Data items
+ + + + + + +

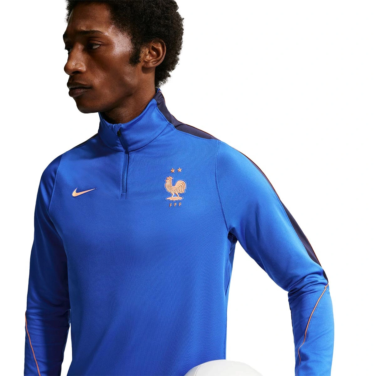 La felpa da allenamento della Francia per i Mondiali 2026 realizzata da Nike è progettata pensando alla massima versatilità per qualsiasi tipo di allenamento.
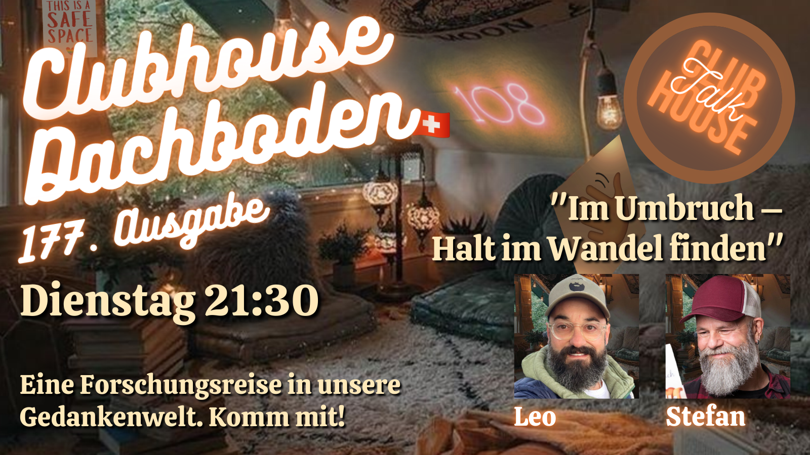 Am Dienstag, 25. Februar 2025 um 21:30 Uhr ist es wieder so weit. Wir öffnen den „Dachboden“ auf Clubhouse, wie normalerweise jeden Dienstag um diese Uhrzeit.
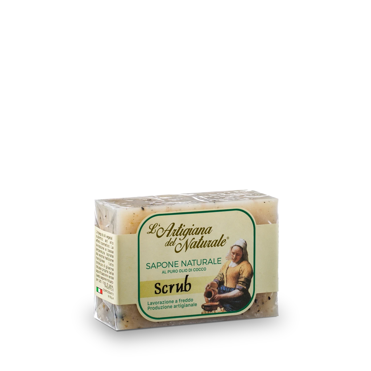 Sapone artigianale a base di olio di cocco con olio di riso, crusca, avena e alghe per un leggero effetto scrub sulla pelle.
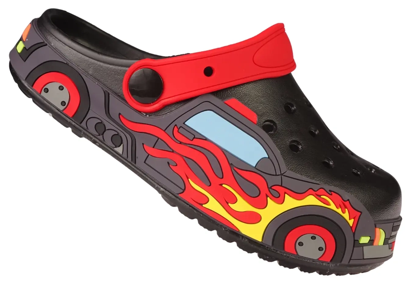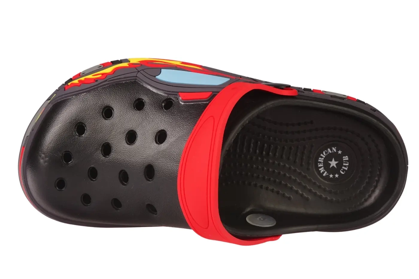 Dziecięce klapki basenowe firmy American Club w kolorze czarno czerwonym. Wykonane w bardzo ciekawym i ładnym stylu w całości z pianki, co sprawia że są one niesamowicie lekkie wygodne i przyjazne dla skóry. Piankowe klapki posiadają dookoła grafikę samochodu. Model ten to doskonały wybór obuwia letniego do zabawy na plaży lub do użytku codziennego. Ich piankowa, bieżnikowana podeszwa zapewni stabilność i zapobiegnie ślizganiu. Model ten wyposażony został w pasek, który trzyma piętę. Dziurki na całej powierzchni zapewniają odpowiednią wentylacje. Dzieci pokochają te wygodne i stylowe klapki na całe lato! Jakość wykonania marki American Club gwarantuje trwałość oraz odporność na warunki atmosferyczne. Idealne na plażę, basen czy po prostu do noszenia na co dzień. Postaw na wygodę i bezpieczeństwo dla swojego dziecka i wybierz klapki basenowe American Club!
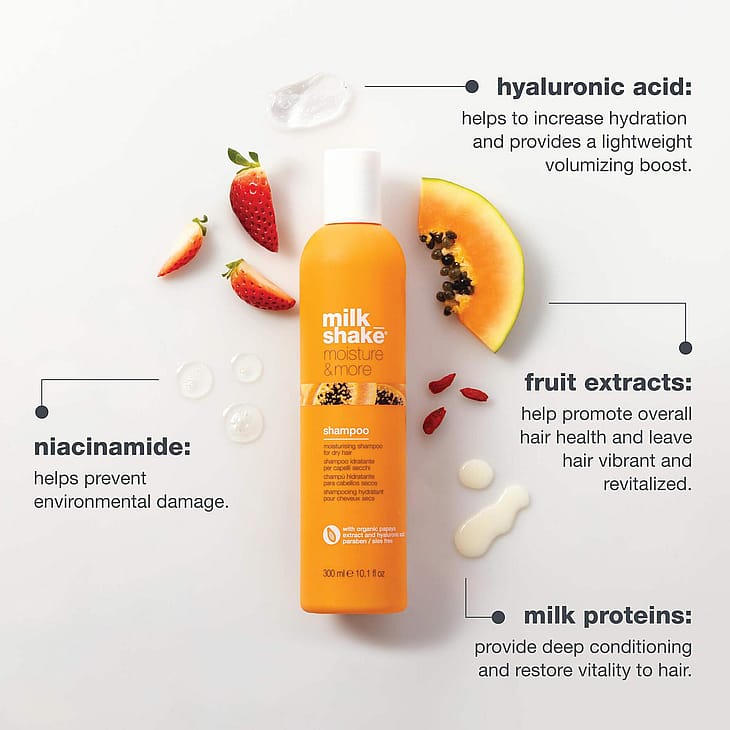 Tämä hellävarainen, hoitava shampoo puhdistaa hiukset ja kietoo ne pehmeään, hedelmäntuoksuiseen vaahtoon. Hyaluronihappo ylläpitää optimaalisen kosteustasapainon ja vahvistaa hiuksia jättäen ne vahvoiksi ja kiiltäviksi. Integrity 41® takaa täydellisen värisuojan. Koostumus sisältää niasiiniamidia, jolla on antioksidanttinen ja silottava vaikutus hiuksiin. Käyttö: levitä tasaisesti kosteisiin hiuksiin, hiero ja huuhtele. Toista tarvittaessa. Käytä sen jälkeen milk_shake® moisture&more -hoitoainetta.
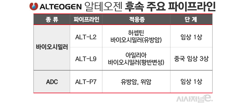 다른 주요 파이프라인으로는 유방암 치료제 허셉틴 바이오시밀러, 안과질환인 황반변성 치료제 아일리아 바이오시밀러, ADC(항체-약물 접합 치료제)등이 있다. 제형 차별화 개량신약과 약물전달 시스템(DDS) 개선 분야에서 영역을 확장할 필요가 있다는 분석도 나오는 가운데, 알테오젠 측은 바이오시밀러를 준비 중이라는 설명이다.
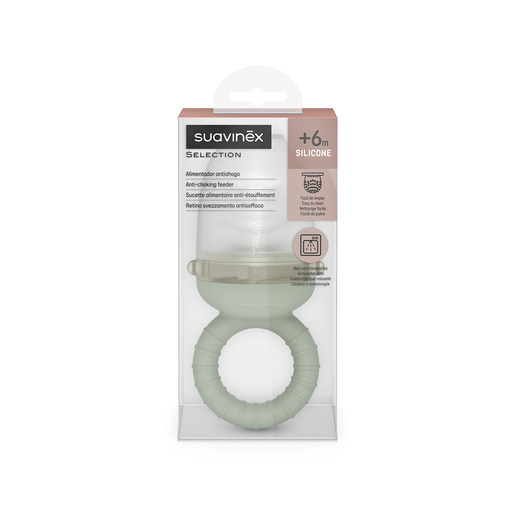 Alimentador antiahogo para bebés +6 meses. Su contenedor de silicona permite colocar fruta o verdura para que el bebé descubra y conozca nuevos sabores de forma segura y autónoma.
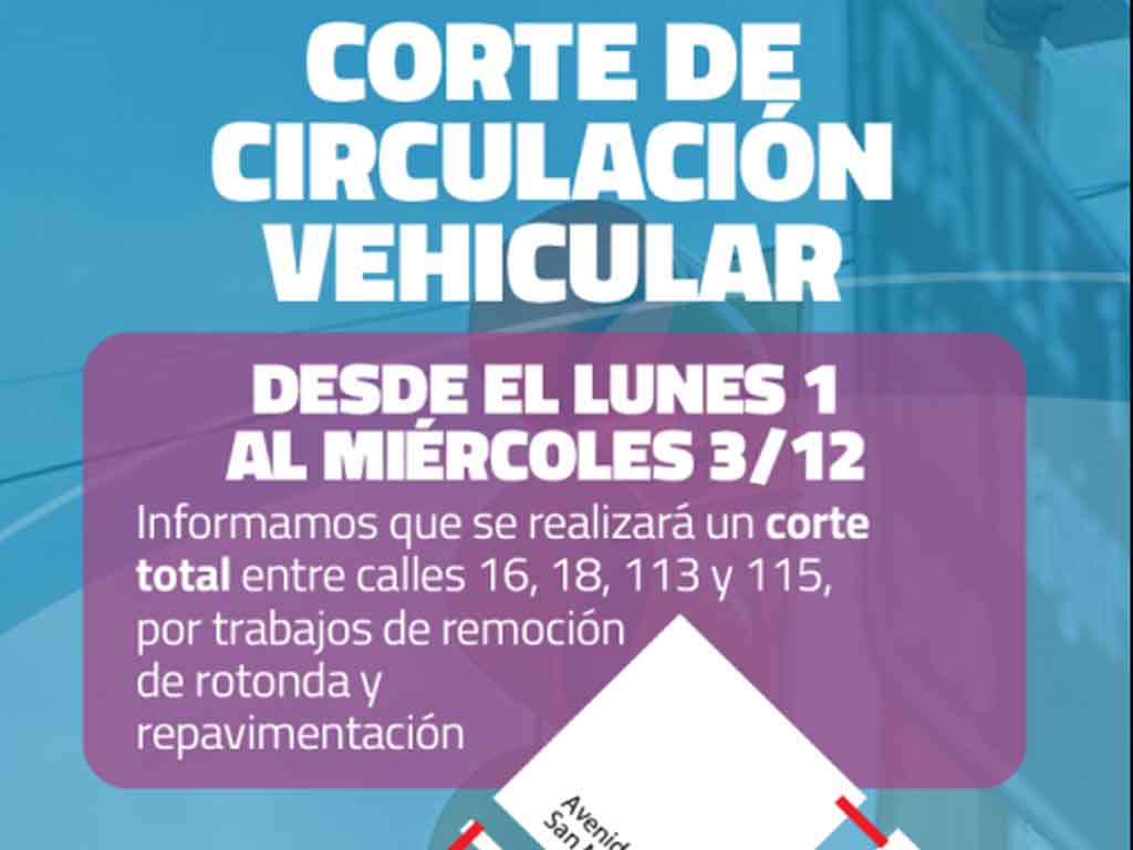 Desde este lunes 1° de diciembre hasta el miércoles 3, se producirá un corte de tránsito por trabajos de remoción de rotonda y repavimentación del sector que comprende la Avenida San Martín y calle 115.
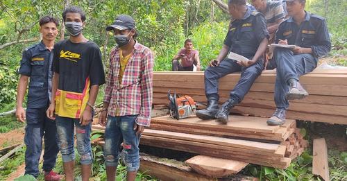 कैलाली- जिल्लाको मोहन्याल गाउापालिकामा काठ चिरान गरिरहेको अवस्थामा २ जना पक्राउ परेका छन्।
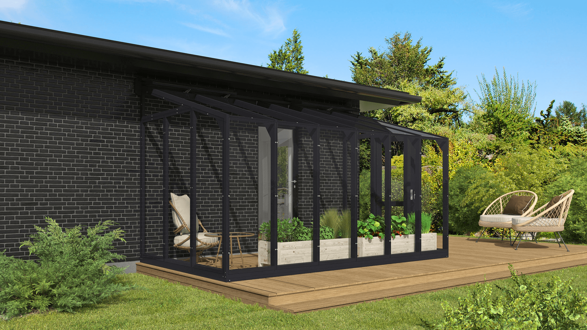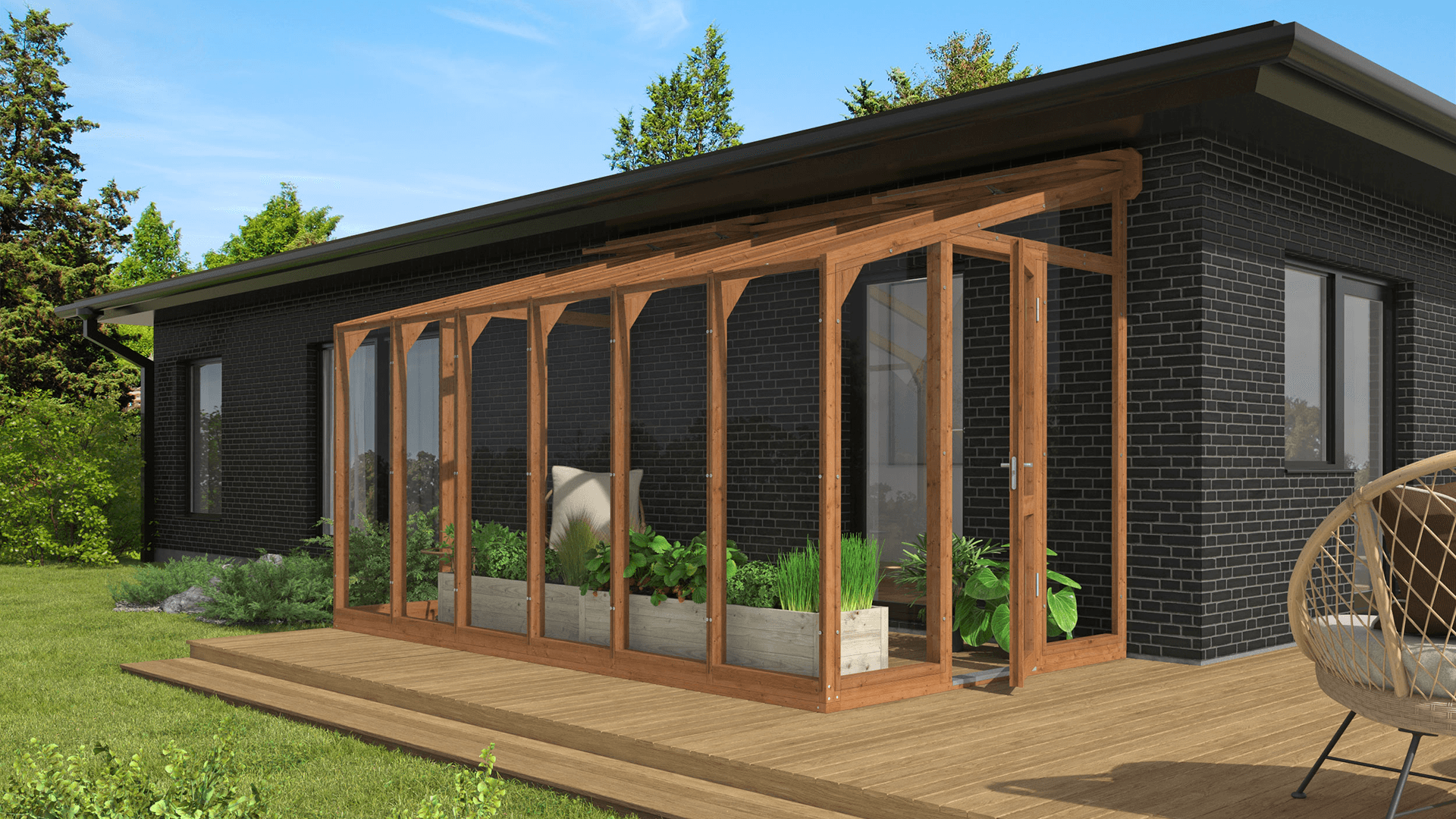 Šī koka sienas siltumnīca ir ideāls mūsdienīga dizaina un dabiskas elegances apvienojums, kas lieliski papildinās jebkuru ārtelpu. Ar savu unikālo stikla uz rāmja konstrukciju tā iemieso perfektu stila, funkcionalitātes un mūsdienu inženierijas saskaņu. Izmantojiet to svaigu, bioloģisku dārzeņu, aromātisku garšaugu un krāšņu ziedu audzēšanai vai pārvērtiet to par mājīgu atpūtas vietu, kur atjaunot saikni ar dabu un baudīt ārtelpu komfortu neatkarīgi no laikapstākļiem.
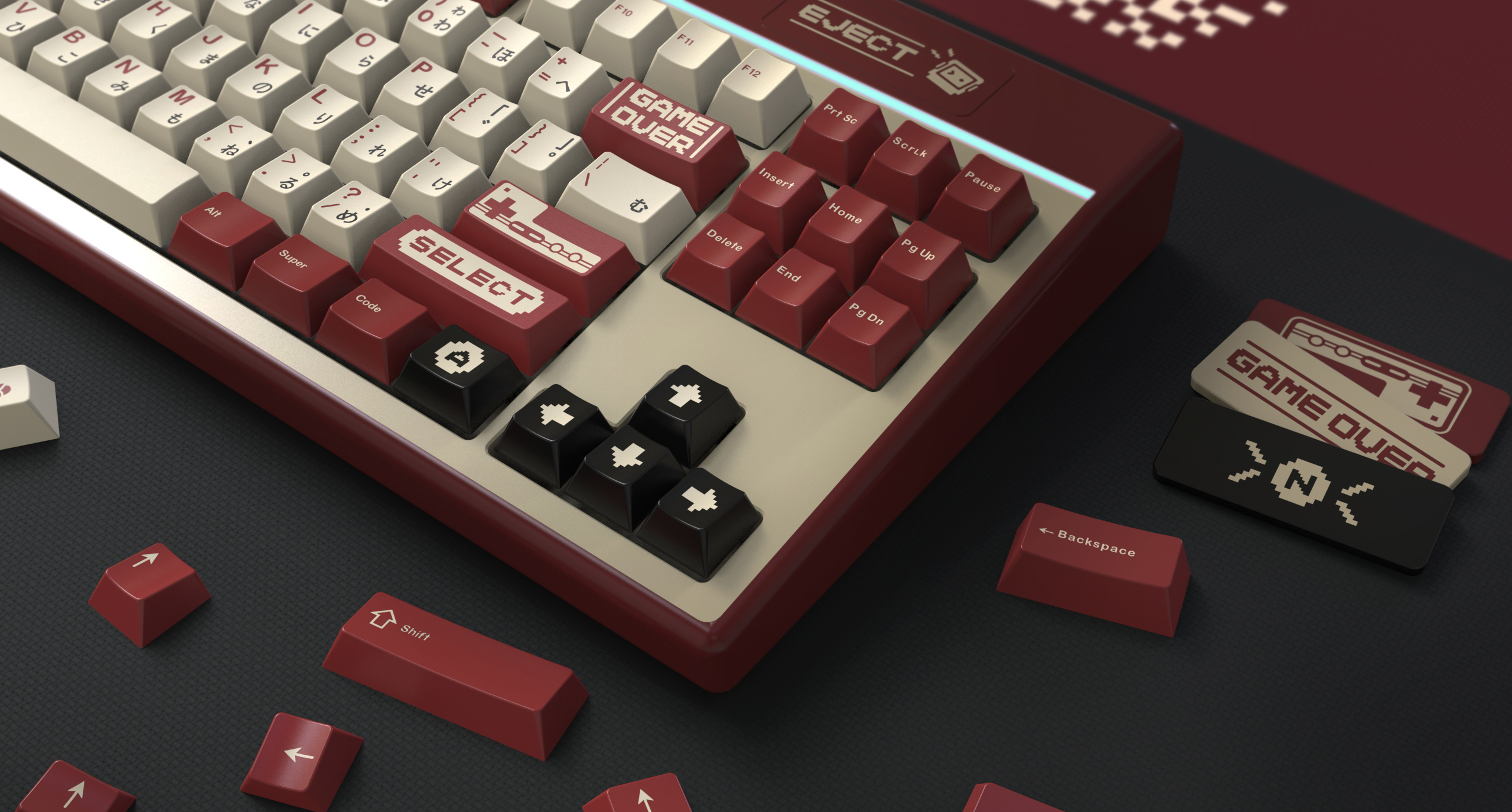 I dig the caps, but I’m wondering if more shape/color usage inspiration could come from the Famicom BASIC keyboard. Maybe not the thing to do right now, but I recall the HB85 doing pretty okay even with its odd vintage layout/shape.
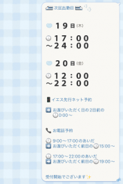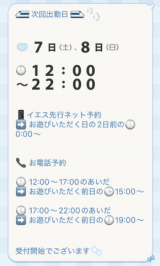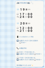 | 9:00~ | |
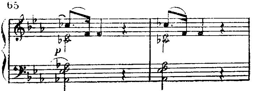 В разработке — новые эмоциональные оттенки. Мотив томления (восходящая цепь аккордов — т. 91 и д.) звучит теперь с оттенком драматизма, в нем нечто угрожающе-серьезное, требовательное. Но с переходом в фа-мажор (т. 101) опять возвращается беспечность. Проведение отрывистых групп из двух шестнадцатых в басу (т. 109 и д.) не лишено юмора, так как увеличенные нисходящие сексты (си — ре-бемоль, ми — соль-бемоль) звучат как бы хрипловато. Затем (с т. 122) появляются уверенность и рассудительность,— но лишь для того, чтобы перед репризой смениться мечтательными переливами арпеджий на секстаккорде первой ступени фа-минора (тт. 131—136), который вслед за этим модуляционно переосмысливается в секстаккорд второй ступени ми-бемоль-мажора.
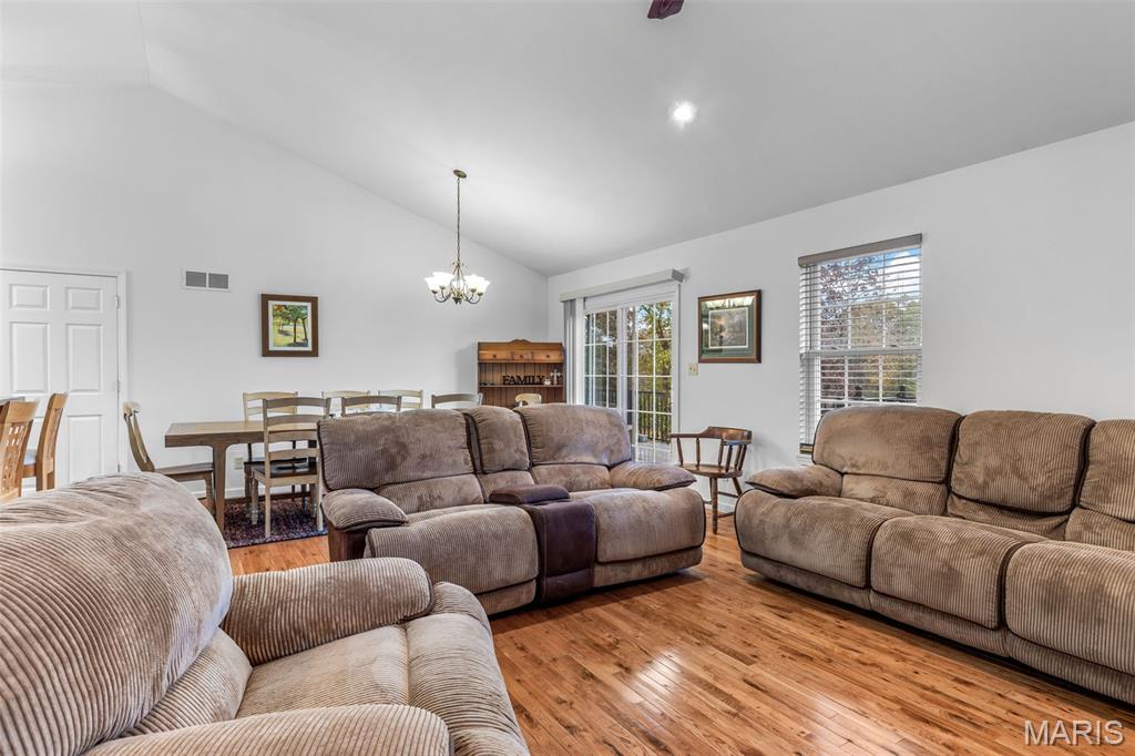 Welcome home to this charming 3-bedroom ranch! Step inside to beautiful hardwood floors that flow through the spacious living and dining room combo. The kitchen features granite countertops, stainless steel appliances, and plenty of cabinet space. Bedrooms offer newer carpet for added comfort. The full unfinished walk-out basement is plumbed for a bath and includes a convenient tuck-under garage—perfect for a lawn mower or golf cart. Enjoy peaceful views from your newer Composite Deck that walks out both the living room and master bedroom overlooking a private backyard that was once part of a 9-hole golf course—where deer often wander by.
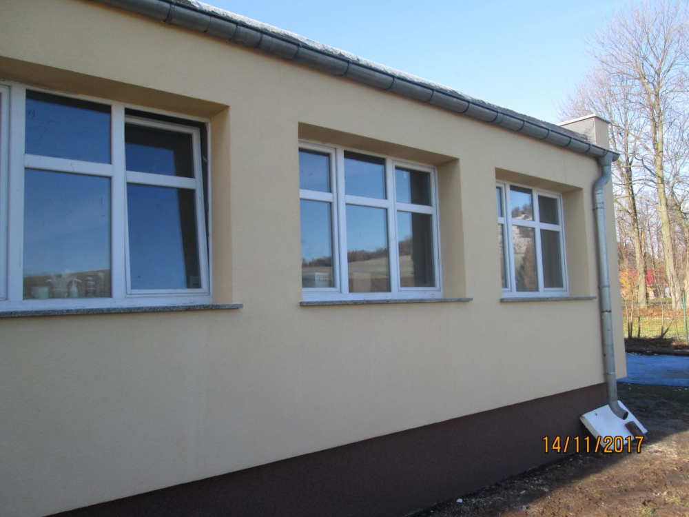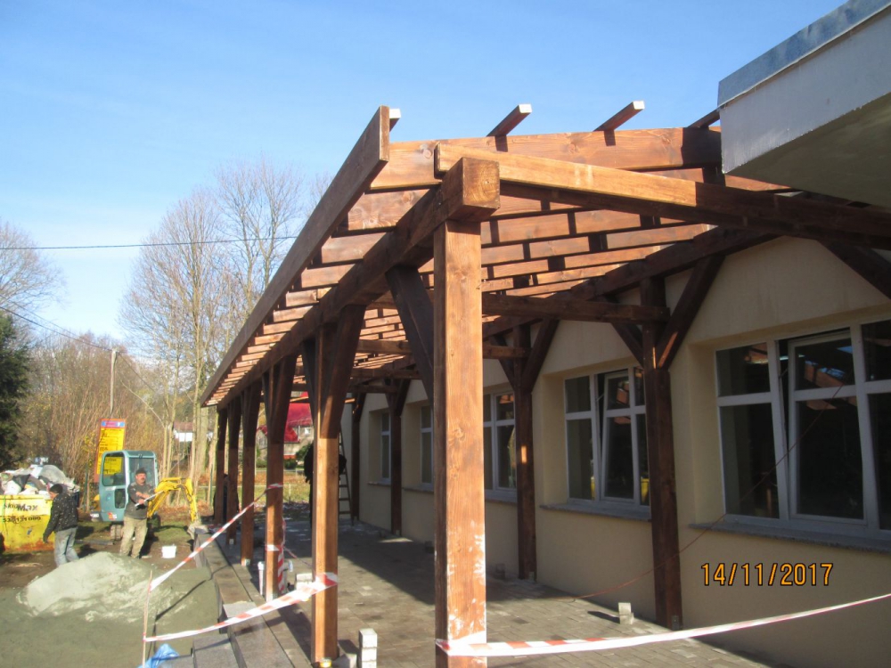 Wylano taras przy głównym wejściu do świetlicy, nad którym montowane jest przekrycie z bezbarwnych płyt poliwęglanowych. Obecnie układana jest kostka na pochylni dla osób niepełnosprawnych oraz płyty granitowe przy głównym wejściu do budynku.

+ + + + + + +

**About this exercise:**
An exact copy is needed of the entries above, starting at the line that holds "Desde este lunes" and stopping at the line that holds "कैलाली- जिल्लाको मोहन्याल", both kept; pictures stay out.

**Answer to this exercise:**
 Desde este lunes 1° de diciembre hasta el miércoles 3, se producirá un corte de tránsito por trabajos de remoción de rotonda y repavimentación del sector que comprende la Avenida San Martín y calle 115.
 कैलाली- जिल्लाको मोहन्याल गाउापालिकामा काठ चिरान गरिरहेको अवस्थामा २ जना पक्राउ परेका छन्।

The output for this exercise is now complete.